**What the task asks**
If an entry holds a picture, drop the picture but restate the entry word for word.

**Data entries**
┌──
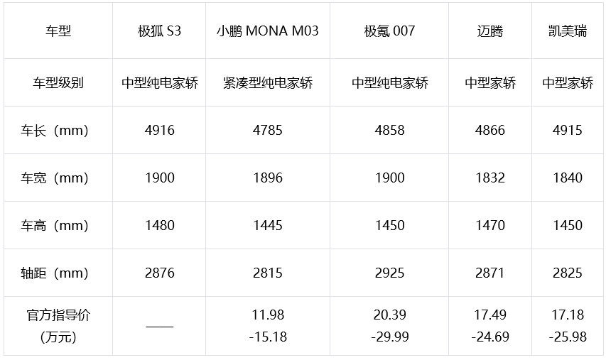 要知道,這個尺寸不僅比市面上多數熱銷的10萬級純電家轎大一圈,甚至超越了凱美瑞、邁騰等經典燃油B級車。這意味著,以前要花二十萬才能擁有的中型車空間,現在極狐S3用10萬級就給你了。即便把它和不少熱門中大型轎車放在一起,尺寸也基本相當。
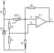 圖4為變壓器過熱保護電路,R3=R4,NTC為粘貼在變壓器上的負溫度系數(shù)的熱敏電阻,常溫下RNTCR2,運放U1構成滯環(huán)比較器。正常工作時,NTC阻值較大,運放U+<U-,輸出為零;當溫度上升到設定值時,運放U1輸出為高電平,送到PWM控制芯片使輸出脈沖關斷。
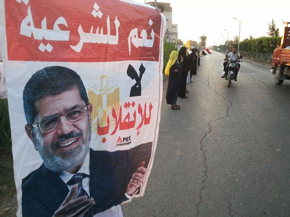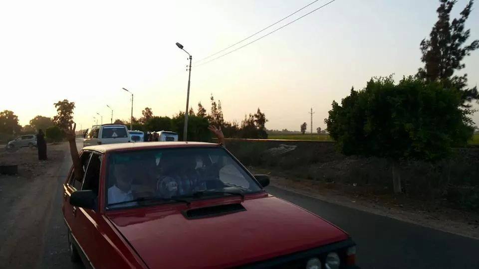 نظم رافضو الانقلاب بمركز "قلين"، في "كفر الشيخ"، سلسلة بشرية على طريق "كفرالشيخ – قلين"، حملوا خلالها شارات "رابعة"، وصورًا للمعتقليين مطالبين بالإفراج الفوري عنهم.
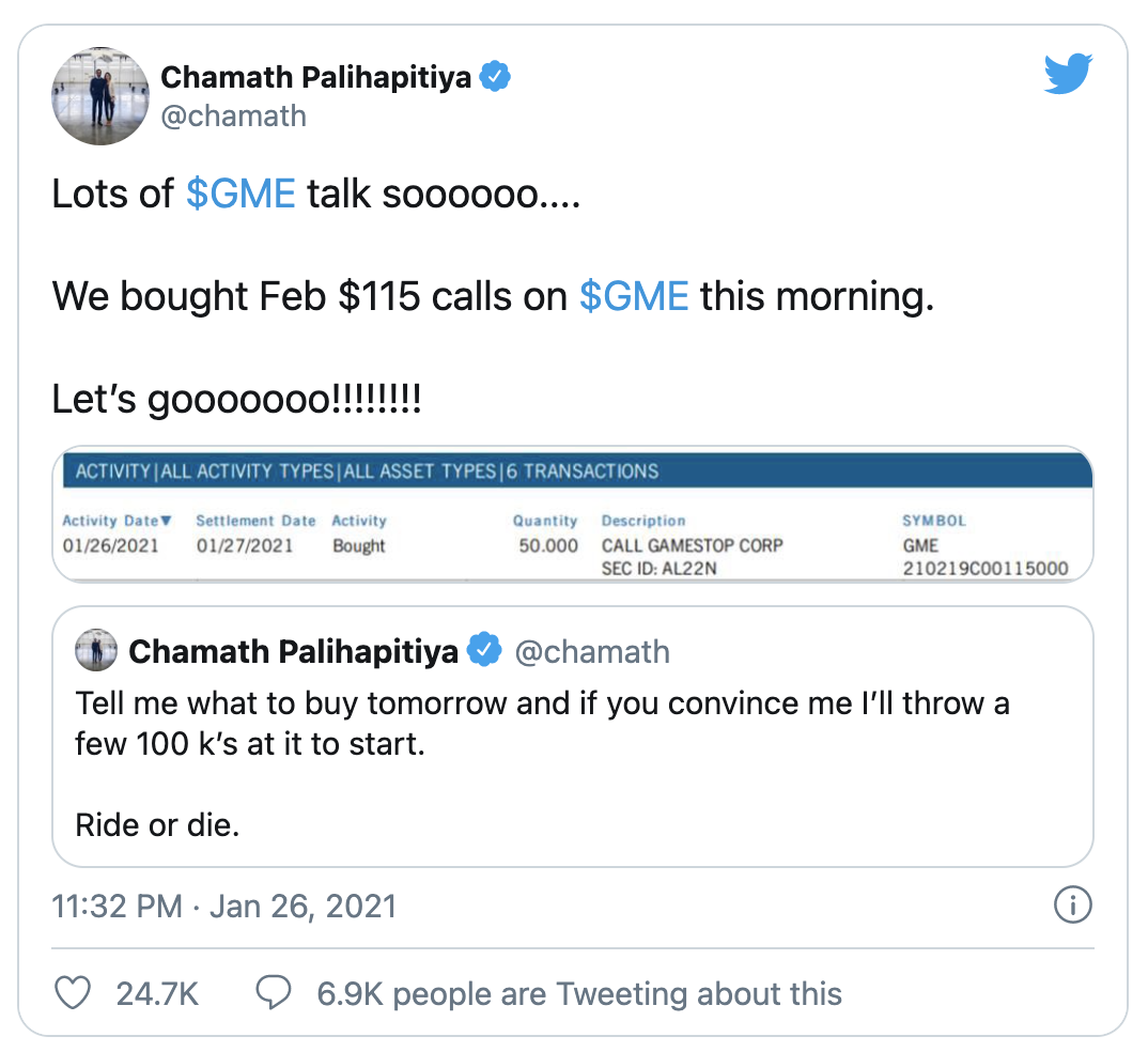 1月26日,帕利哈皮提亚对他关注者称:“告诉我你们明天打算买什么,如果能说服我,我就先买10万。”随后他购买了游戏驿站看涨期权,并贴出截图。
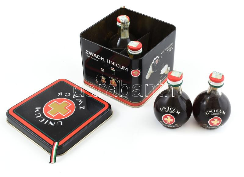 Zwack Unicum, 4×50 ml üveg, fém díszdobozban https://www.darabanth.com/de/434-Fernauktion/434.0/Kunst-Dokumente-andere-Sammelgebiete/Vintage-Weine-Getranke~500017/Zwack-Unicum-4C39750-ml-uveg-fem-diszdobozban~II2809684
└──
**Solution to the problem**
 要知道,這個尺寸不僅比市面上多數熱銷的10萬級純電家轎大一圈,甚至超越了凱美瑞、邁騰等經典燃油B級車。這意味著,以前要花二十萬才能擁有的中型車空間,現在極狐S3用10萬級就給你了。即便把它和不少熱門中大型轎車放在一起,尺寸也基本相當。
 圖4為變壓器過熱保護電路,R3=R4,NTC為粘貼在變壓器上的負溫度系數(shù)的熱敏電阻,常溫下RNTCR2,運放U1構成滯環(huán)比較器。正常工作時,NTC阻值較大,運放U+<U-,輸出為零;當溫度上升到設定值時,運放U1輸出為高電平,送到PWM控制芯片使輸出脈沖關斷。
 نظم رافضو الانقلاب بمركز "قلين"، في "كفر الشيخ"، سلسلة بشرية على طريق "كفرالشيخ – قلين"، حملوا خلالها شارات "رابعة"، وصورًا للمعتقليين مطالبين بالإفراج الفوري عنهم.
 1月26日,帕利哈皮提亚对他关注者称:“告诉我你们明天打算买什么,如果能说服我,我就先买10万。”随后他购买了游戏驿站看涨期权,并贴出截图。
 Zwack Unicum, 4×50 ml üveg, fém díszdobozban https://www.darabanth.com/de/434-Fernauktion/434.0/Kunst-Dokumente-andere-Sammelgebiete/Vintage-Weine-Getranke~500017/Zwack-Unicum-4C39750-ml-uveg-fem-diszdobozban~II2809684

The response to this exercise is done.